STS-52 ( English S pace T ransportation S ystem) is the name of a flight of the US space shuttle Columbia (OV-102) as part of the space shuttle program of the NASA space agency . The launch took place on October 22, 1992 from the Kennedy Space Center in Florida .

The main task of the ten-day mission was exposing the American-Italian Geodesy - Satellite LAGEOS 2 and operation of the US Microgravity Payload-1 , a mounted in the cargo bay of the space shuttle discovery platform. After the end of the flight, which was classified as successful, Columbia landed on November 1, 1992 with its six-person crew again at the Kennedy Space Center. It was the 51st space shuttle mission and the 13th flight of the Columbia space shuttle.

team

The crew of the STS-52 mission was announced by NASA on August 23, 1992:

Substitute team

Mission highlights

The main task of the STS-52 mission was to deploy the LAGEOS 2 geodesy satellite, which the Italian space agency ASI had built in cooperation with NASA. The comparatively small satellite served as a supplement to LAGEOS 1, which had already been launched in 1977 with a Delta launcher. Both LAGEOS satellites were used to precisely measure the earth's surface and thus helped, among other things, to monitor faults in earthquake areas.

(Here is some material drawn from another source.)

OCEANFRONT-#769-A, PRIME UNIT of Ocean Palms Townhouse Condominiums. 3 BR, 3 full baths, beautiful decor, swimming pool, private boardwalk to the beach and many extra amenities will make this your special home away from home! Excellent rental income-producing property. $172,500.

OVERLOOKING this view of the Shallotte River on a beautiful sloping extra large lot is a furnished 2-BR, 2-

A research platform for material science experiments was also located in the space shuttle's payload bay . The payload , named United States Microgravity Payload-1 (USMP-1) , made its maiden flight during the mission and consisted of three ground-guided experiments mounted on a new type of carrier platform.

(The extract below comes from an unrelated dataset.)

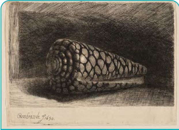
Rembrandt - The Shell

My favourite painting from all the sales was the most unusual 'The Virgin in Prayer', by the enigmatic Flemish artist, Michiel Sweerts (1618-1664).

Steven MacLean, the third Canadian spaceman aboard the space shuttle, worked on his own experimental program, the Canadian Experiments-2 (CANEX-2) , during the flight . They comprised a total of ten experiments and were based on a research series of the STS-41-G mission from 1984. The crew was also responsible for operating a number of other payloads in the middle deck of the crew cabin and in the payload bay.

begin

The Columbia space shuttle launched for the STS-52 mission on October 22, 1992

Preparations for the STS-52 mission began on July 10, 1992, after Columbia returned from its previous STS-50 space flight . After completing the mandatory follow-up inspections and maintenance work, the space shuttle was connected to the external fuel tank and the two solid rocket rockets on September 20 in the shuttle assembly hall of the Kennedy Space Center, the Vehicle Assembly Building . The space shuttle was then driven to launch pad 39B , where the spacecraft completed a countdown demonstration . The launch, originally planned for mid-October, was delayed, however, because one of the three main engines of the space shuttle had to be replaced on the launch pad . The engine had to be replaced after there had been indications of cracks in a coolant distributor of the nozzle .

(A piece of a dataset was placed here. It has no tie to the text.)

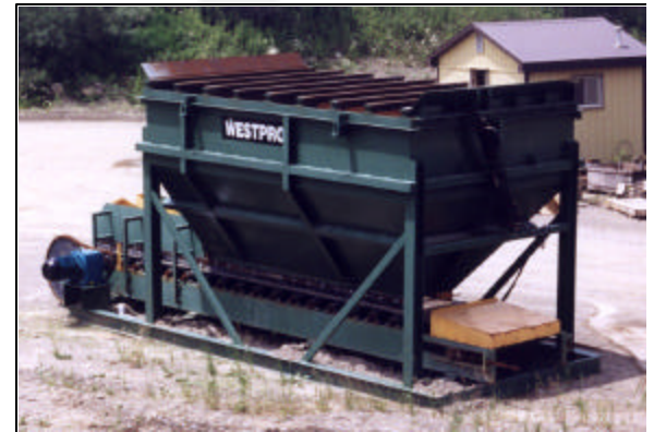
HF35 with Varispeed Electric Feeder

The countdown for STS-52 began on October 19 at 4:00 p.m. Eastern American Time (EDT) at the Kennedy Space Center, marking the final phase of preparations for launch. The external fuel tank was refueled with liquid hydrogen and liquid oxygen on the morning of October 22nd . The crew boarded the Columbia around 9 a.m. EDT. The two and a half hour launch window opened at 11:16 a.m. EDT (4:16 p.m. Central European Time). Due to bad weather at an overseas emergency landing site in Banjul (Gambia) and strong cross winds at the launch site, the planned launch date was delayed by around two hours. NASA finally decided to take off anyway, even though the cross winds on the runway of the Kennedy Space Center exceeded the termination criteria. At 1:09:39 p.m. EDT (6:09 p.m. Central European Time), the space shuttle lifted off the launch pad, officially starting the STS-52 mission. The total takeoff weight was 2046 tons.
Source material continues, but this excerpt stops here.